Так вот, рыбина возьми и издохни, и Красс Оратор обезумел от горя. Его долго никто не видел, тем, кто к нему заглядывал, говорили, что он лежит в тоске. Потом он появился на людях бледный и безучастный и присоединился к своему коллеге великому понтифику под их общим навесом на Форуме. Кстати, они собирались перенести свой навес на Марсово поле, чтобы провести давно назревший ценз.

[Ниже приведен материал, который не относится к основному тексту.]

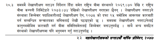 महालेखाको ५७ औं बार्षिक प्रतिवेदनमा राष्ट्रिय बीमा संस्थानले आव २०६९।०७० देखि लेखा परिक्षण नराएको भन्दै सो कम्पनीका जिम्मेवार पदाधिकारीहरुलाई कारवाही गर्न अर्थमन्त्रालयलाई पत्राचार गरिएको हो । त्यस्तै राष्ट्रिय बीमा कम्पनीले २०७३।०७४ देखि यताको लेखा परिक्षण नगरेको भन्दै सो कम्पनीका जिम्मेवारी पदाधिकारीहरुलाई कारवाही गर्न अर्थमन्त्रालयका सचिवलाई पत्र लेखिएको महालेखा परिक्षकको कार्यालयले जनाएको छ ।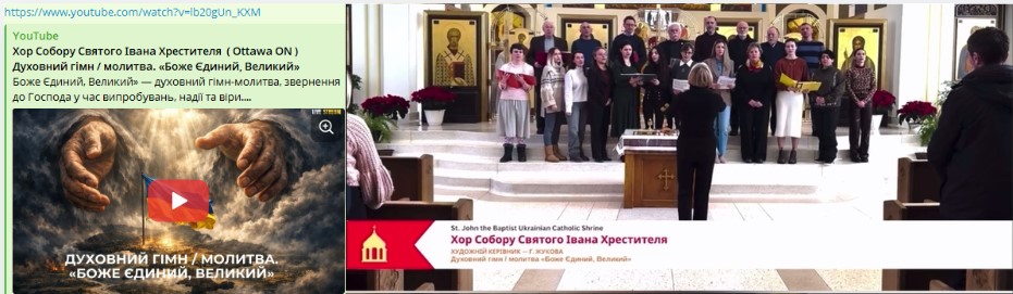 За сприяння помічника настоятеля, отця Серафима В. Григорука, на сторінці храму було розміщено виконання духовного гімну як знак підтримки України. У дописі зазначено, що ця молитва звучить як тихе прохання і водночас як сильне свідчення незламності духу, любові до України та довіри до Божого провидіння. Виконує твір хор Собору Святого Івана Хрестителя (художній керівник — Галина Жукова)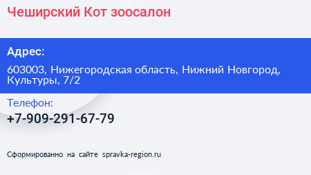 Чеширский Кот, зоосалон по адресу 603003, Нижегородская область, Нижний Новгород, Культуры, 7/2 в дальнейшем Организация, размещена в следующих категориях: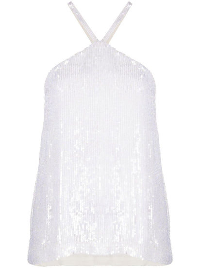 sequin halterneck top from P.A.R.O.S.H. featuring white, sequin design, halterneck, rear criss-cross straps, sleeveless, side slits and curved hem. Sequinned TOP Size and Fit - This piece fits true to size. We recommend you get your regular size. Model is 1,75m / 5ft 8in wearing size S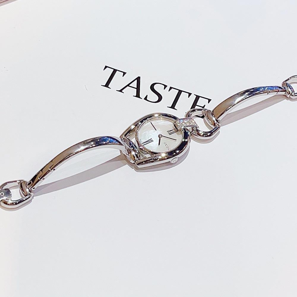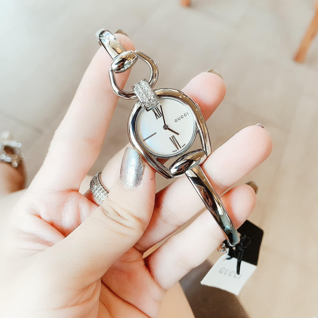 Stainless steel case with a stainless steel bangle bracelet. Diamond set lug. Fixed stainless steel bezel. White mother of pearl dial with silver-tone hands. Roman numerals mark the 6 and 12 o'clock positions. The Gucci name appears at the 3 o'clock position. Dial Type: Analog. Quartz movement.Scratch resistant sapphire crystal. Pull / push crown. Solid case back. Case size: 28 mm. Case thickness: 6.5 mm. Round case shape. Band width: 6 mm. Band length: 7 inches. Jewelry clasp. Water resistant at 50 meters / 165 feet. Functions: hour, minute. Luxury watch style. Watch label: Swiss Made. Gucci Horsebit Small Whte Mother of Pearl Dial Ladies Watch YA139504.

«Ха! – сказал великий понтифик Агенобарб при виде Красса Оратора. – Где твоя
toga pulla? Где траурное облачение, Луций Лициний? Удивительно! Я слышал, что после кремации своей рыбы ты нанял актера, надел на него восковую маску и заставил плыть до самого храма Венеры Либитины. Еще я слышал, что ты заказал для маски рыбы ларец и намерен носить его на всех будущих похоронах Лициниев Крассов как члена семьи!»Красс Оратор величаво выпрямился – как все Лицинии Крассы, он наделен высоким ростом – и уставился с высоты на внушительный нос собрата-цензора.
«Верно, Гней Домиций, – важно молвил Красс Оратор, – я плакал по моей умершей рыбе. Это потому, что я гораздо лучше тебя! У тебя уже умерли три жены, а ты ни по одной не пролил ни слезинки!»

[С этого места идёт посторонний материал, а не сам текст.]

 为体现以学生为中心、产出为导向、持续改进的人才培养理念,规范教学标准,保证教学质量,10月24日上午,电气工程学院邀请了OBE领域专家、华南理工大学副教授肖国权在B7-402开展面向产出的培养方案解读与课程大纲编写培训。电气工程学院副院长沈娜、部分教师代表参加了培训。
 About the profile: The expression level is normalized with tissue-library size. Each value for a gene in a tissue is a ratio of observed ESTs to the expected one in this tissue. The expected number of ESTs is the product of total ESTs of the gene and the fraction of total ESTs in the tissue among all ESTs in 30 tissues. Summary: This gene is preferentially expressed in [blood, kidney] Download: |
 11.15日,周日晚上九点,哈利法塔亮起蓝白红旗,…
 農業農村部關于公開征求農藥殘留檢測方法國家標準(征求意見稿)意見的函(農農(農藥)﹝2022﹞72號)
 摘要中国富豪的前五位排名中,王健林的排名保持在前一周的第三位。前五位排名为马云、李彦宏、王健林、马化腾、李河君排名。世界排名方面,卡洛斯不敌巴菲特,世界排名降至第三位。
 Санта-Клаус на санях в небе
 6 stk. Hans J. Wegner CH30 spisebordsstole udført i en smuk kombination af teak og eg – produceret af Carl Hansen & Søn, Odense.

Вот так, Луций Корнелий, завершилось цензорство Луция Лициния Красса Оратора и великого понтифика Гнея Домиция Агенобарба.
Жаль, конечно, что у нас еще четыре года не будет ценза. Пока что никто не намерен выбирать новых цензоров.

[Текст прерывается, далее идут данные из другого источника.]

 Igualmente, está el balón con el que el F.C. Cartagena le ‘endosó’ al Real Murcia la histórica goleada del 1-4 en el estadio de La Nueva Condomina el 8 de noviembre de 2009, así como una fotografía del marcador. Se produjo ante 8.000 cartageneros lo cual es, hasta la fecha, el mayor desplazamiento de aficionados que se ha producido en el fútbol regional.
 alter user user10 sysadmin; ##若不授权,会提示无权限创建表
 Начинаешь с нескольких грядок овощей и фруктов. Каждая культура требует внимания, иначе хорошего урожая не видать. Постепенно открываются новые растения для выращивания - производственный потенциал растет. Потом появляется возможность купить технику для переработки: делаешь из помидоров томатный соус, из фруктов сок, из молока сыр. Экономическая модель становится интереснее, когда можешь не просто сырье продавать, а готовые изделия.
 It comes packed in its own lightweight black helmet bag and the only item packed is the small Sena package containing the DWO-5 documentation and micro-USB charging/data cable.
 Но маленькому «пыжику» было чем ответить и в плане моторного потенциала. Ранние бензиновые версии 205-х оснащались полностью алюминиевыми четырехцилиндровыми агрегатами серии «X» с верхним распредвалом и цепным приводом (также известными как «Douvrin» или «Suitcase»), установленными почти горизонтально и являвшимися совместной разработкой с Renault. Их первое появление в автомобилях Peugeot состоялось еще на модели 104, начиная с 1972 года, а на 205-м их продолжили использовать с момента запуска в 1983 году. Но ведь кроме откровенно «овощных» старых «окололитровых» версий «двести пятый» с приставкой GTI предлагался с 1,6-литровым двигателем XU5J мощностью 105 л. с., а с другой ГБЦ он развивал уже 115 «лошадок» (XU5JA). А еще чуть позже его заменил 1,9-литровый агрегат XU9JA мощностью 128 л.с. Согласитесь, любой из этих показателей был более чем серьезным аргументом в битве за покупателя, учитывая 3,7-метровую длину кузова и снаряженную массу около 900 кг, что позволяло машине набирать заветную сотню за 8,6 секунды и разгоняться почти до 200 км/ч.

А теперь плохие новости. Я пишу это накануне отплытия в Смирну, в изгнание. Да, я вижу, как ты удивленно вздрагиваешь. Публий Рутилий Руф, самый безвредный и честный из людей, приговорен к ссылке? И все же это так. Некоторые в Риме не забыли, как отлично мы с Квинтом Муцием Сцеволой поработали в провинции Азия, – такие, к примеру, как Секст Перквитиний, лишившийся возможности изымать бесценные произведения искусства в счет неуплаты налогов. Будучи дядей Марка Ливия Друза, я также навлек на себя враждебность этого отвратительного Квинта Сервилия Цепиона. А через него – достойного только самых грубых слов Луция Марция Филиппа, все еще мечтающего о консульстве. До Сцеволы никто не пытался дотянуться – слишком он силен. Поэтому взялись за меня. И как! Предъявили в суде по делам о вымогательстве явно поддельные доказательства, будто бы я – я! – выколачивал деньги из беспомощных жителей провинции Азия. Обвинителем выступал некий Апиций, хвастающийся, что он клиент Филиппа. Мне советовали многих защитников: и Сцеволу, и Красса Оратора, и Антония Оратора, и даже девяностодвухлетнего Сцеволу Авгура – только выбирай! Даже этот кошмарный молокосос, которого все, кому не лень, таскают по Форуму, – Марк Туллий Цицерон – вызывался стать моим заступником.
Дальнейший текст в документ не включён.